We recognise that Welsh Government has sought to extend the same amount of relief across a wider range of businesses and so have ‘spread the available jam’ more thinly. Many businesses will benefit from a cap on the business rate multiplier which is welcome. However, in the coming weeks as the scrutiny of this draft budget takes place, we will need to make an assessment as to whether this draft budget meets the scale of the mission to help support and recover our small business economy, or provides a map toward growing our economy in the future.

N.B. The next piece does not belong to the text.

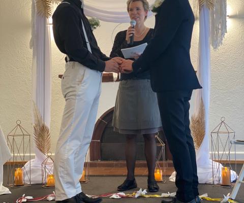 So verliebt, hei sich die zwöi dörfe ihri Liebesgschicht nomau alose, hei sich ihri Liebeserklärig mit viu Gfühl vortreit und ig ha ihne ds JA-Wort entlockt. Drufabe hei si sich ihri Ringe agsteckt und sich töiff i d Auge gluegt. I ha mi mega gfröit mis Trau(m)paar z begleite. Mit vile glänzige Seifeblattere hei mir die zwöi verabschidet.
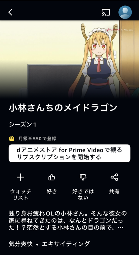 アニメ『小林さんちのメイドラゴン』は2025年現在、「Amazonプライム」の見放題では配信終了しています。

We recognise the difficult and unenviable choices facing the Minister and Welsh Government in this Draft Budget. However, as we have consistently argued, economic recovery – and prosperity to support our public services – will only come on the back of the health of the small business economy and a new plan for growing the economy.

Any prospective new First Minister needs to put this front and centre of the task facing their Welsh Government agenda”.

Hospitality Cymru executive director David Chapman said:

“While we appreciate the economic pressures the Welsh Government is under, there will be concern from businesses that relief has been reduced to 40%, from 75%, and that business rates will be increased across the board by 5%.

“It must be remembered that hospitality businesses already pay more than their fair share of business rates because the current system is out-of-date and punitive for bricks and mortar businesses.

“This reduced level of support now leaves businesses in Wales at a competitive disadvantage to businesses in England. Small businesses, in particular, will feel hard done by as their counterparts will see rates frozen across the border. A typical local pub or restaurant in Wales will, for example, be paying £6,400 more than one in England.

“It’s extremely disappointing that at the same time the Government is taking £16m worth of funding from the tourism budget. This is a strategically important sector in Wales and central to our culture – it needs investment and this sharp reduction in overall budget is worrying.

“At a time of intense economic challenges, this slashing of the tourism budget will do little to inspire long-term confidence in the sector, particularly alongside the looming introduction of a visitor levy and other policies that are impacting hard on the sector.”